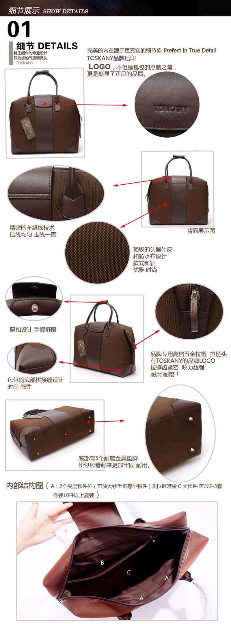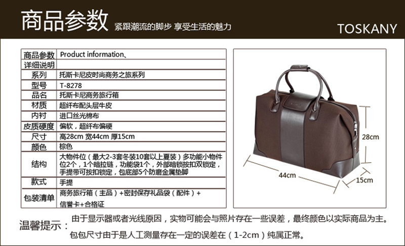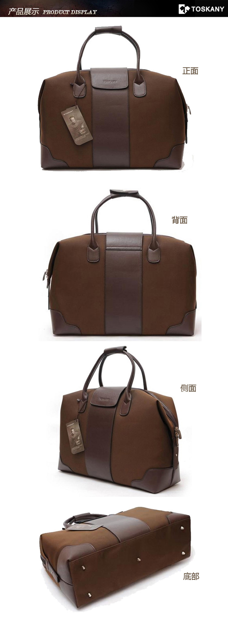 托斯卡尼/TOSKANY 防水布配皮手提旅行包
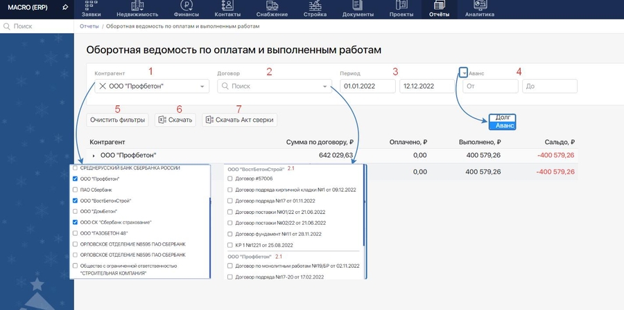 4. Аванс/Долг - цифровой диапазон по сумме. Фильтрация идет по столбцу Сальдо.
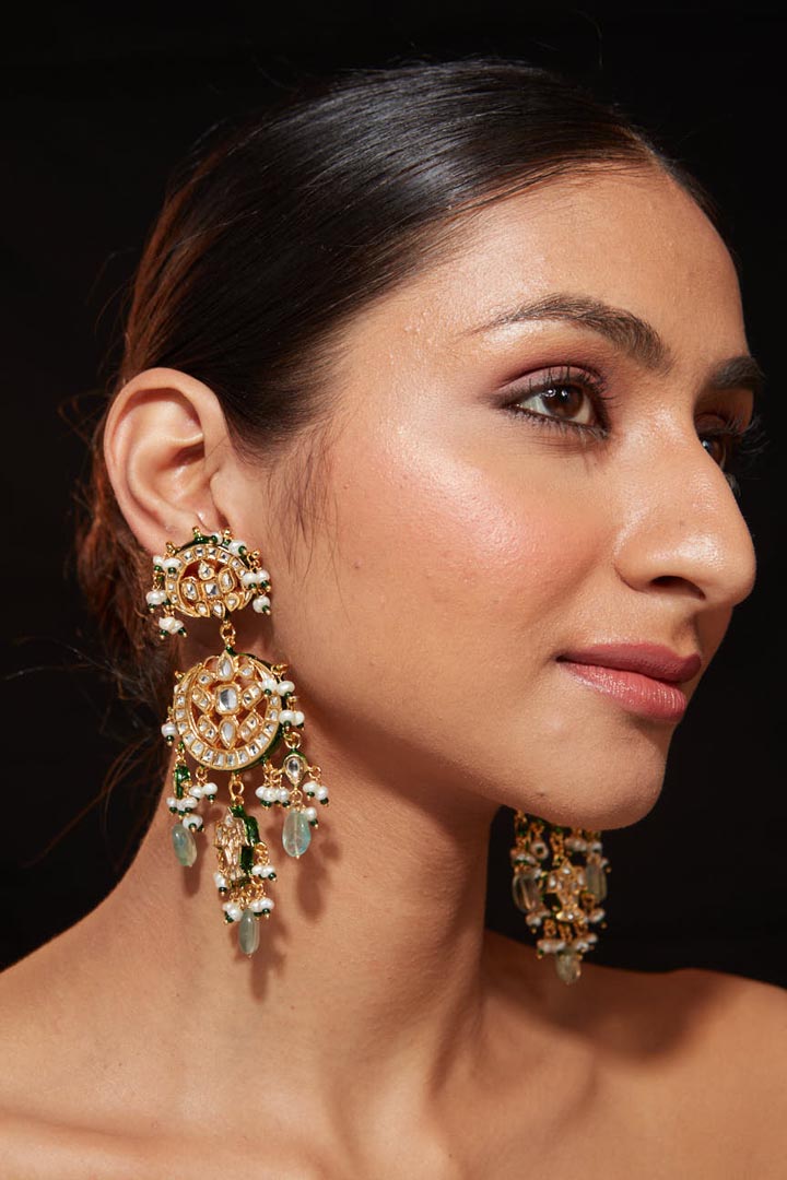 Elegant chandelier-style earrings with intricate detailing and vibrant green accents. Perfect for festive occasions, these statement earrings exude luxury and charm, enhancing any outfit with a regal touch.
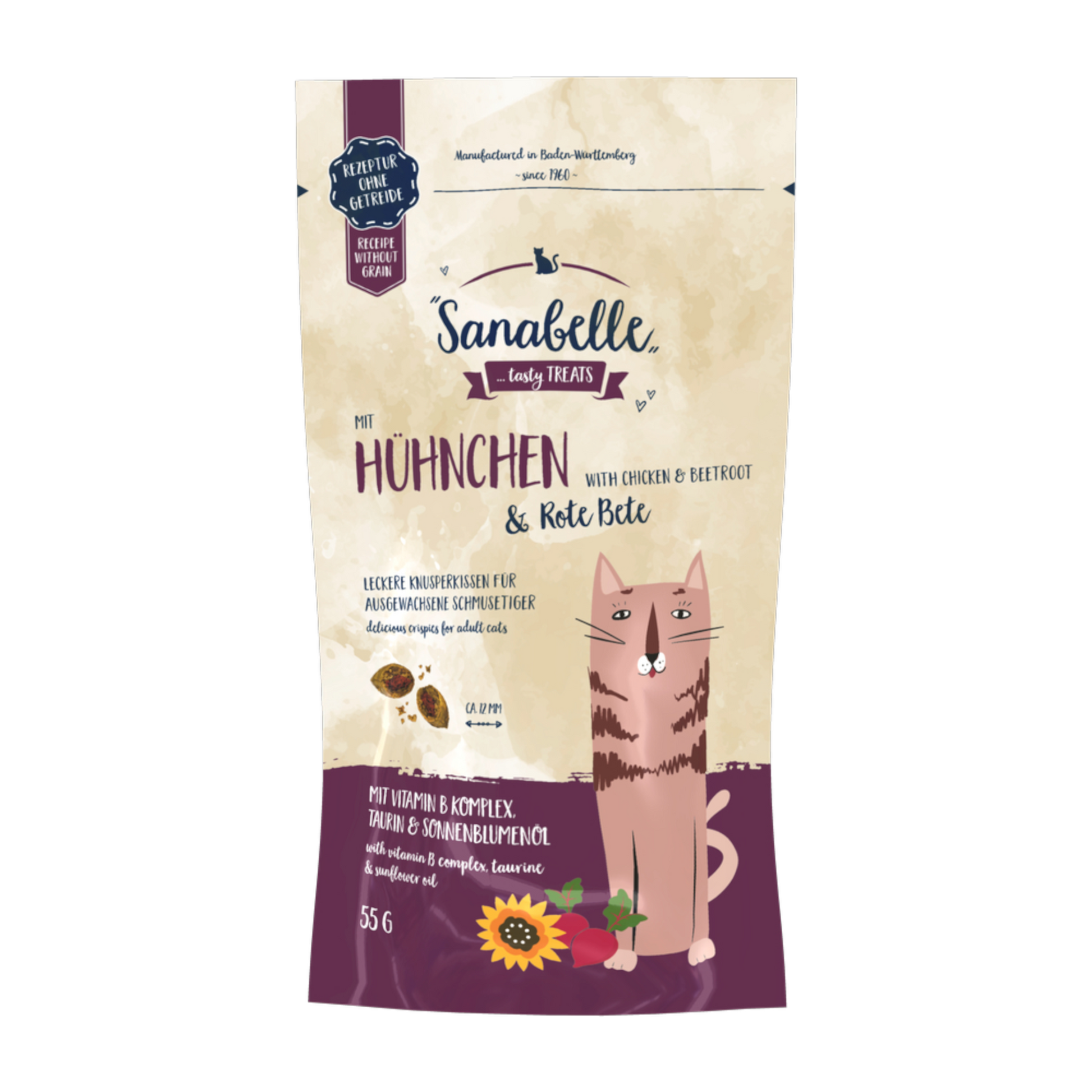 Sanabelle Knusperkissen Huhn & Rote Bete sind der ideale Belohnungssnack für ausgewachsene Katzen, die du bewusst und gleichzeitig genussvoll verwöhnen möchtest. Die Rezeptur verzichtet vollständig auf Getreide und Zuckerzusatz – perfekt für eine moderne, leicht verdauliche Snackroutine.
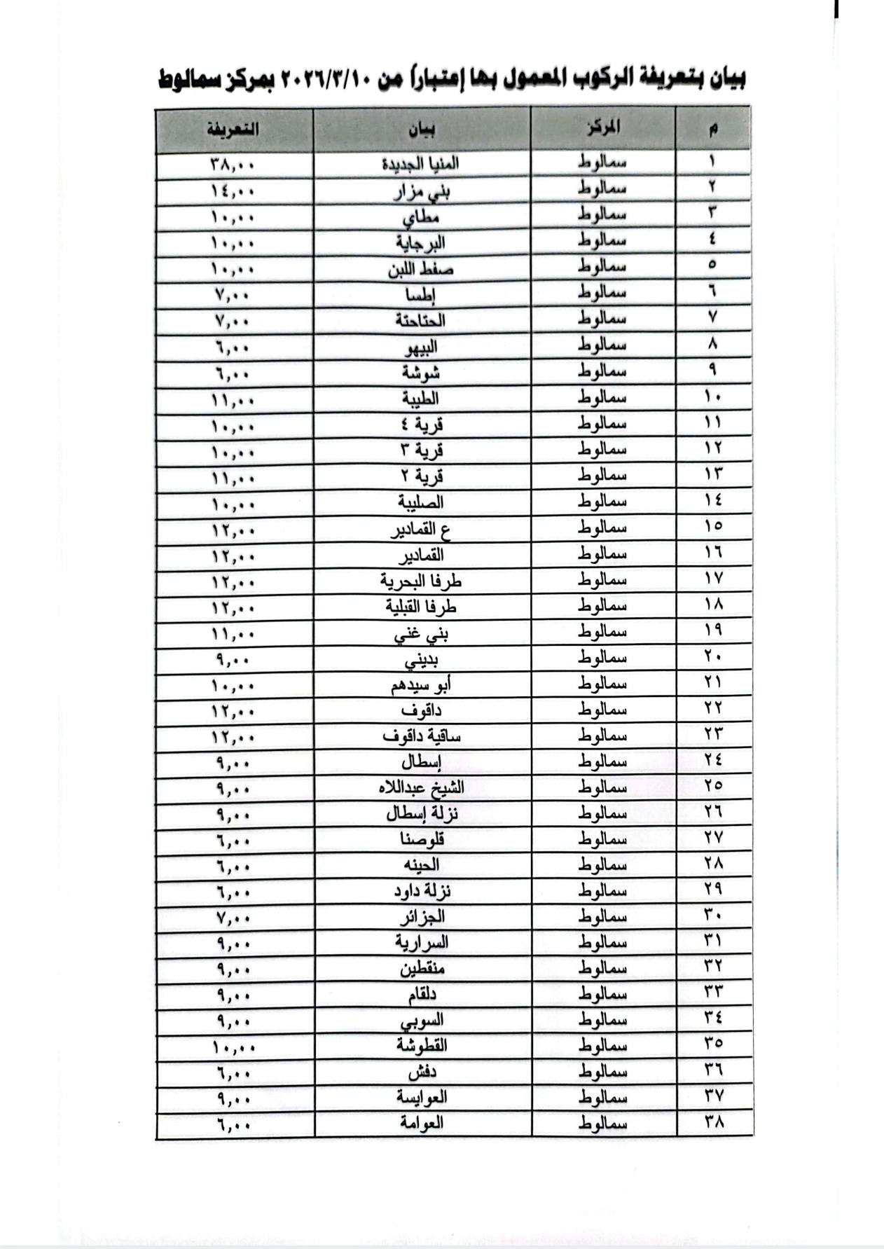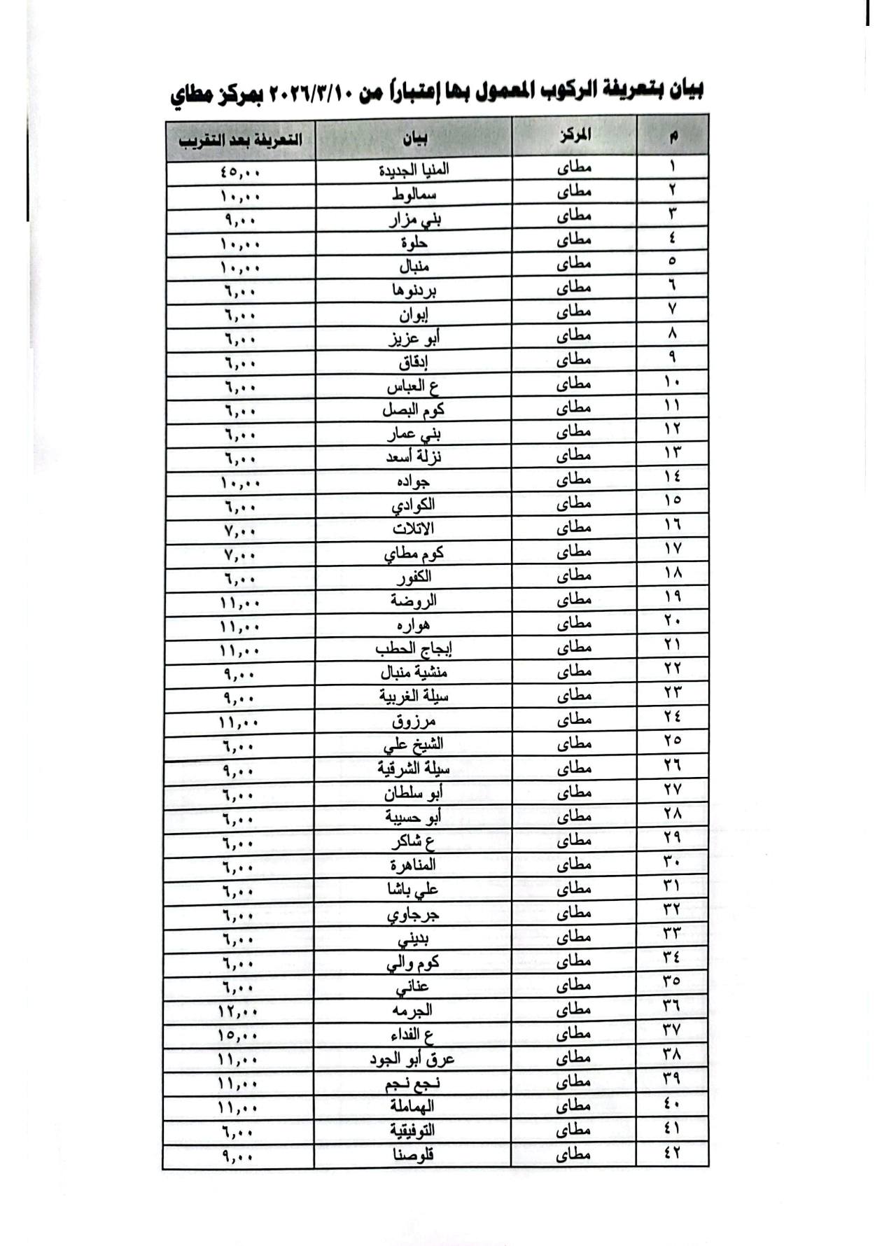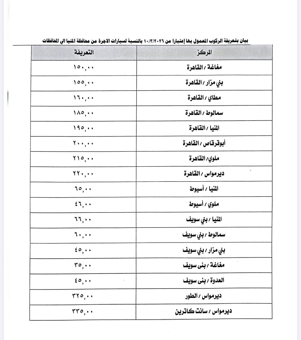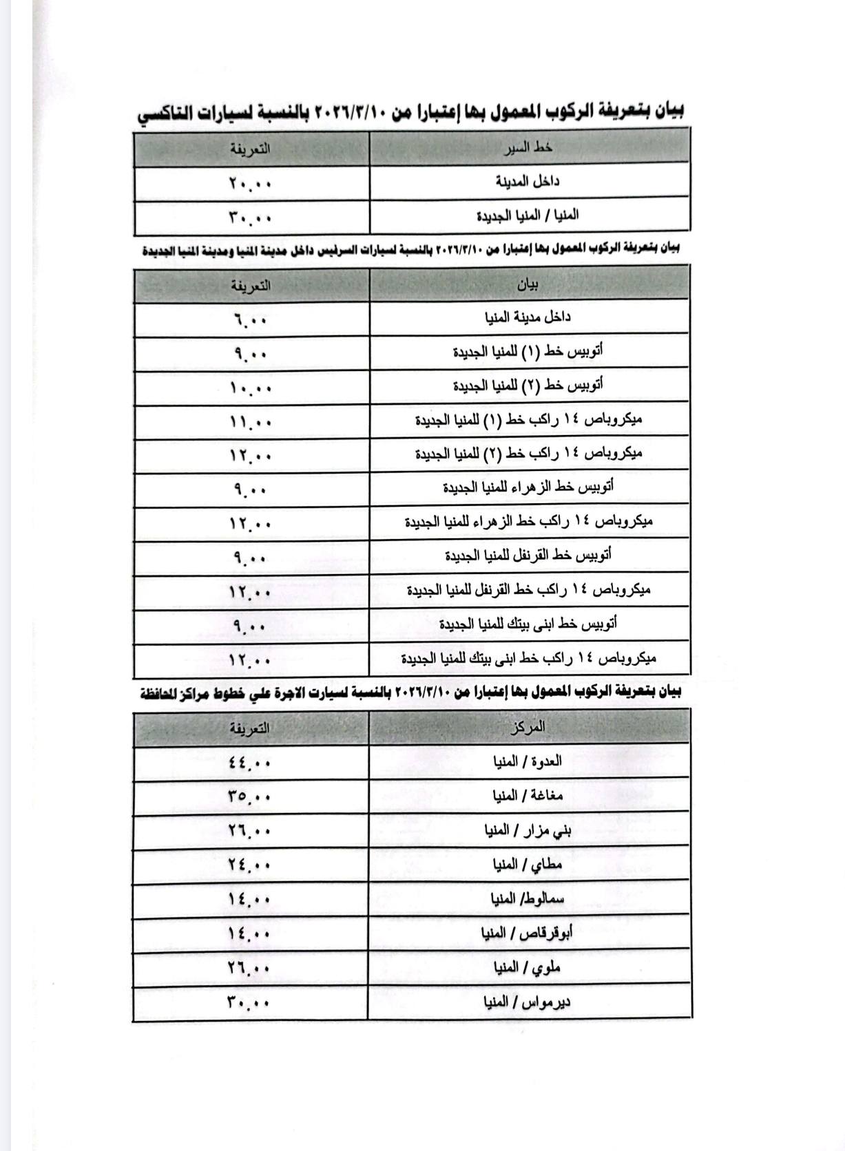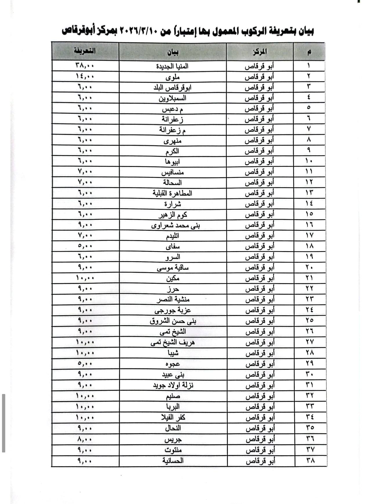 أعلنت محافظة المنيا تعريفة المواصلات الجديدة لسيارات الأجرة وخطوط النقل الداخلي والخارجي بجميع مراكز المحافظة، عقب قرار تعديل أسعار المنتجات البترولية، في إطار ضبط منظومة النقل ومنع أي استغلال للمواطنين.
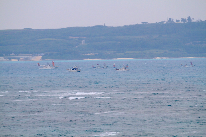 伊良部、宮古島、池間の各漁協の大漁船団が出航。橋の開通をド派手に盛り上げていました。

——————

◆ What you are asked to do ◆
When you write out the data, keep every line exact and drop the pictures.

◆ Response to this task ◆
 托斯卡尼/TOSKANY 防水布配皮手提旅行包
 4. Аванс/Долг - цифровой диапазон по сумме. Фильтрация идет по столбцу Сальдо.
 Elegant chandelier-style earrings with intricate detailing and vibrant green accents. Perfect for festive occasions, these statement earrings exude luxury and charm, enhancing any outfit with a regal touch.
 Sanabelle Knusperkissen Huhn & Rote Bete sind der ideale Belohnungssnack für ausgewachsene Katzen, die du bewusst und gleichzeitig genussvoll verwöhnen möchtest. Die Rezeptur verzichtet vollständig auf Getreide und Zuckerzusatz – perfekt für eine moderne, leicht verdauliche Snackroutine.
 أعلنت محافظة المنيا تعريفة المواصلات الجديدة لسيارات الأجرة وخطوط النقل الداخلي والخارجي بجميع مراكز المحافظة، عقب قرار تعديل أسعار المنتجات البترولية، في إطار ضبط منظومة النقل ومنع أي استغلال للمواطنين.
 伊良部、宮古島、池間の各漁協の大漁船団が出航。橋の開通をド派手に盛り上げていました。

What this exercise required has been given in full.